Indemnisation et infection nosocomiale (Loi du 4 mars 2002 modifiée le 31 décembre 2002) :
-Si l’infection nosocomiale est à l’origine d’une IPP supérieure à 25 %, ou d’un décès, elle ouvre doit à réparation au titre de la solidarité nationale (article L 1142-1-1, 1° du CSP). C’est l’ONIAM qui indemnise la victime, indépendamment de l’existence ou non d’une responsabilité civile.
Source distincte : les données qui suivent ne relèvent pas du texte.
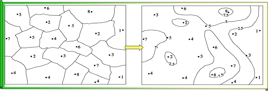 1、通过离散点内插成连续、封闭的、线状符号的表面。

- Si l’infection nosocomiale est à l’origine d’une IPP inférieure ou égale à 25%, le régime d’indemnisation classique s’applique (article L 1142-1, II CSP). Par conséquent, la victime est indemnisée soit par l’assureur de celui dont la responsabilité est établie, soit par l’ONIAM en l’absence de responsabilité, si les conditions au titre de la solidarité nationale sont réunies  (conséquences anormales au regard de l’état de santé du patient et seuil de gravité IPP au plus égal à 25 %, ou ITT 6 mois consécutifs ou non consécutifs sur une période de 12 mois, ou inaptitude à l’exercice de la profession, ou troubles particulièrement graves, y compris économique, dans les conditions d’existence).
Vous revoyez la patiente six mois plus tard, elle est asymptomatique et n’a présenté aucune récidive de crise épileptique. Son traitement actuel comporte uniquement de la coumadine (INR bien équilibrés) et de la lamotrigine. L’imagerie cérébrale réalisée montre une recanalisation complète des sinus veineux, mais il persiste une séquelle parenchymateuse temporo-occipitale droite en regard de la chirurgie. L’EEG est normal.
Elle vous pose des questions concernant la reprise de la conduite automobile.
Question 14: Vous lui annoncez ?
Il persiste un risque de crise épileptique, compte tenu de la persistance d’une séquelle parenchymateuse (même si ce risque est faible, compte tenu de l’absence de crise sous traitement depuis 6 mois), la patiente ne peut donc pas reprendre immédiatement la conduite. Elle doit consulter un médecin agrée par la préfecture de son domicile qui pourra lui donner l’autorisation (le neurologue seul ne peut pas donner cette autorisation).